The couple attended the annual ceremony, which honors a select group of people every year for their artistic influences on American culture, along with President Joe Biden, Vice President Kamala Harris and their spouses as well. Paul Pelosi, who suffered a fractured skull when his suspected attacker allegedly assaulted him with a hammer, arrived wearing a black hat.
After seeing Paul Pelosi, Mr. Biden pumped his fist in the air.
According to court filings, David Wayne DePape on October 28 broke into the Pelosi home in San Francisco and allegedly bludgeoned the 82-year-old with a hammer. Authorities have said he was looking for Nancy Pelosi, and the FBI affidavit filed in the federal case against DePape also said that San Francisco police “recovered zip ties in Pelosi’s bedroom and in the hallway near the front door of the Pelosi residence.”
STEFANI REYNOLDS/AFP via Getty Images
The 42-year-old has been charged with attempted murder, residential burglary, assault with a deadly weapon, elder abuse, false imprisonment of an elder and threats to a public official and their family.
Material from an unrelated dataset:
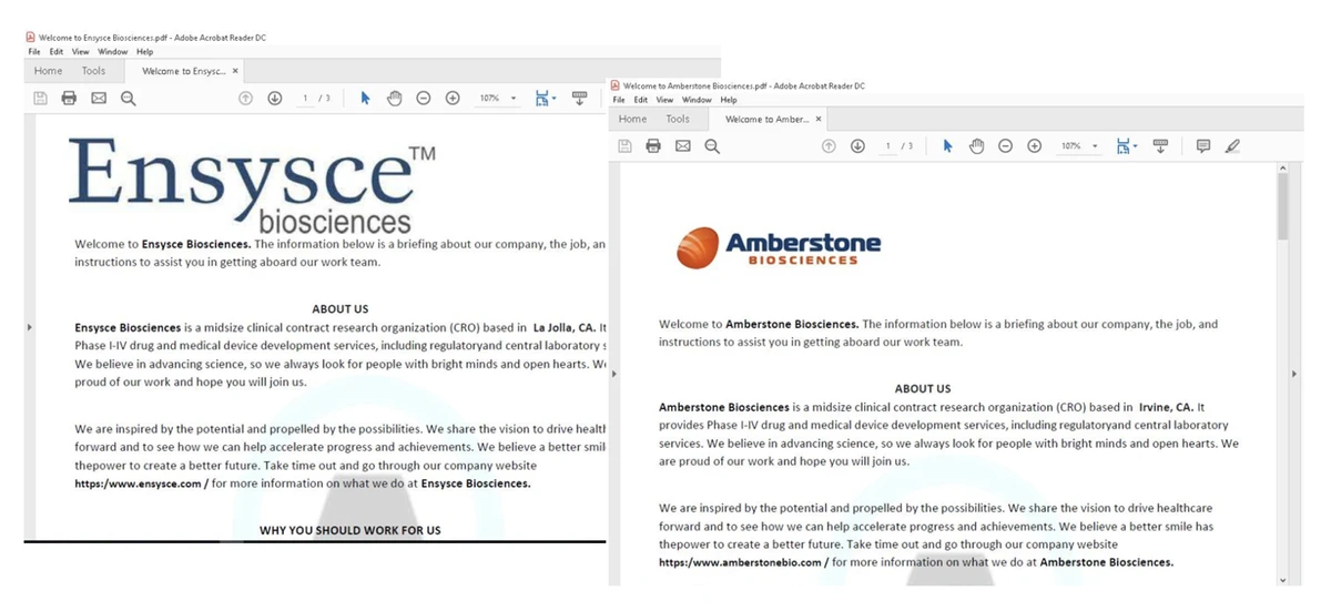 The spoofed PDFs contained the same text content overall, with some details changed, including the brand logo, company name, website, and location.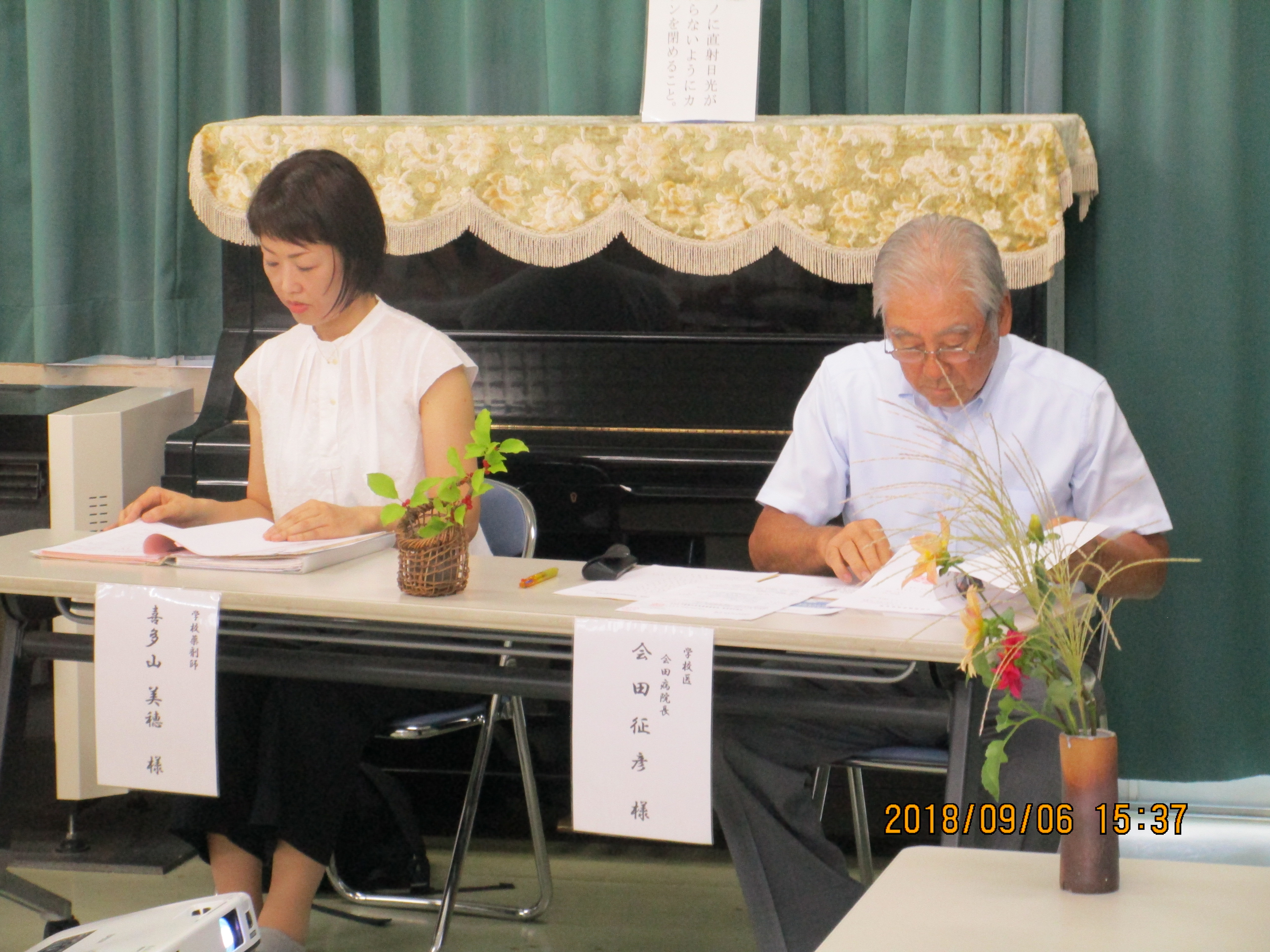 昨日、学校医の会田征彦先生と学校薬剤師の喜多山美穂先生にお越しいただき学校保健委員会を行いました。始めに善郷小学校の「定期健康診断の結果と課題」を坂内養護教諭が、次に「食育の取組と課題」についてを佐藤栄養士が発表しました。

The Justice Department has also charged the suspected attacker with assault on the immediate family member of a federal official and attempted kidnapping of a federal official.
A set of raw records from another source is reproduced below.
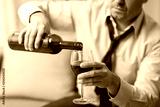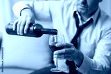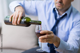alcoholism, alcohol addiction and people concept - male alcoholic pouring red wine to glass at home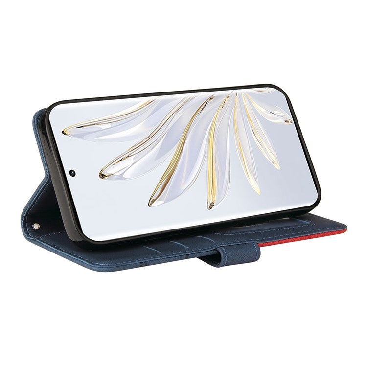 KT Leather Series-1 For Honor 70 5G Dual-color Splicing PU Leather Phone Wallet Case Stand Function Phone Cover with Strap - Blue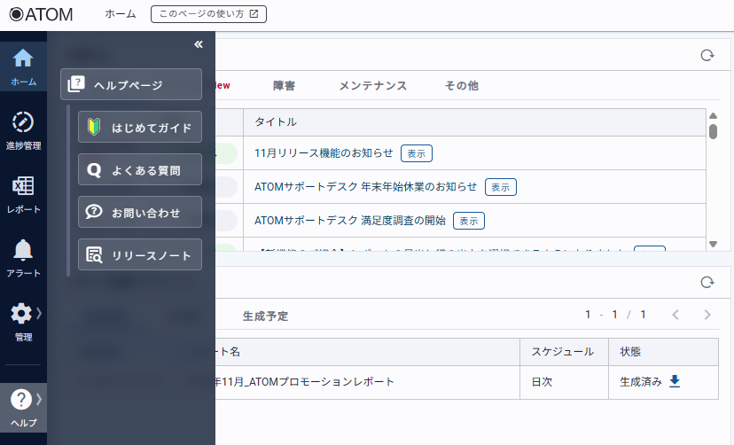 ATOM画面内のサイドバー「ヘルプ」からヘルプページ内の各コンテンツにアクセスしやすくなりました🎉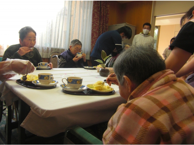 天候があまりよくなく、散歩ができませんでしたが、4月誕生者のご利用者様と喫茶タイムを行いました。みなさんの笑顔がすてきです。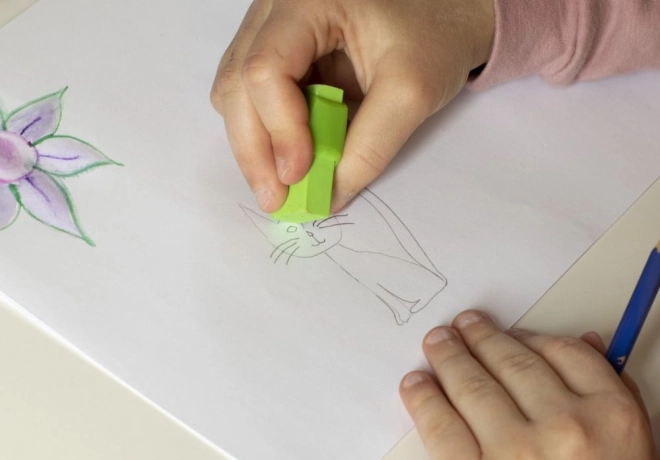 L'impugnatura sagomata aumenta comfort e precisione. La gomma non scivola in mano e la cancellatura è rapida e sicura anche per i bambini.

George Clooney, Gladys Knight and Amy Grant were among those honored at the John F. Kennedy Center for the Performing Arts in Washington, D.C. Groundbreaking composer and conductor Tania León and the rock group U2 were also part of this year’s class.
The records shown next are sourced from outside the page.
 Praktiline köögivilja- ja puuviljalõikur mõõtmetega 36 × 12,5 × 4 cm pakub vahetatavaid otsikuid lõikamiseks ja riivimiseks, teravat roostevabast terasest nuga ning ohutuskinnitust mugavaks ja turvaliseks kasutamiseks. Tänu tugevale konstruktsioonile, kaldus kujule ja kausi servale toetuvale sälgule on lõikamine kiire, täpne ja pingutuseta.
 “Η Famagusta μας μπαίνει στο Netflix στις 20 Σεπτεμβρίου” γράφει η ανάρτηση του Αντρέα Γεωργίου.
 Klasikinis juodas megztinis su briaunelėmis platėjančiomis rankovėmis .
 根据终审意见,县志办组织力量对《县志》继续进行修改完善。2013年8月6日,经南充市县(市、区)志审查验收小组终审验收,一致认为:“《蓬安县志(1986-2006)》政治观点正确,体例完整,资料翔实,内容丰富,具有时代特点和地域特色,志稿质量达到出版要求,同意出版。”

On the red carpet ahead of the Kennedy Center show, Clooney, with his wife, Amal, beside him, joked that after seeing friends like Don Cheadle and Julia Roberts in attendance he was worried his tribute would be more of a “roast.” And it was a bit of a roast for Clooney, though his friends and family showed obvious respect.
Longtime friend Julia Roberts set the tone by coming out onstage with a dress emblazoned with photos of Clooney all over it. After an introduction that alternated between funny and heartfelt she turned to a set designed to look like a smoky bar — the type Clooney might enjoy. The actor’s father regaled the crowd with stories of a young George, including the time the 7-year-old — heartbroken over the assassination of Martin Luther King Jr. in 1968 — gave his father all his toy guns.
STEFANI REYNOLDS/AFP via Getty Images
Matt Damon took the funny road, joking about how Clooney once stole then-President Bill Clinton’s stationery and wrote notes to fellow actors on it. Cheadle highlighted Clooney’s philanthropic work.
Patti LaBelle called Knight her “everything,” saying they had been friends for six decades and seen each other through laughter and tears. “We do everything together,” LaBelle said. “I am honored to honor you tonight.”
Actor and hip-hop star LL Cool J said that whenever Knight sings she connects with people. “I once heard Gladys sing the ABCs and I thought I was in church,” he said.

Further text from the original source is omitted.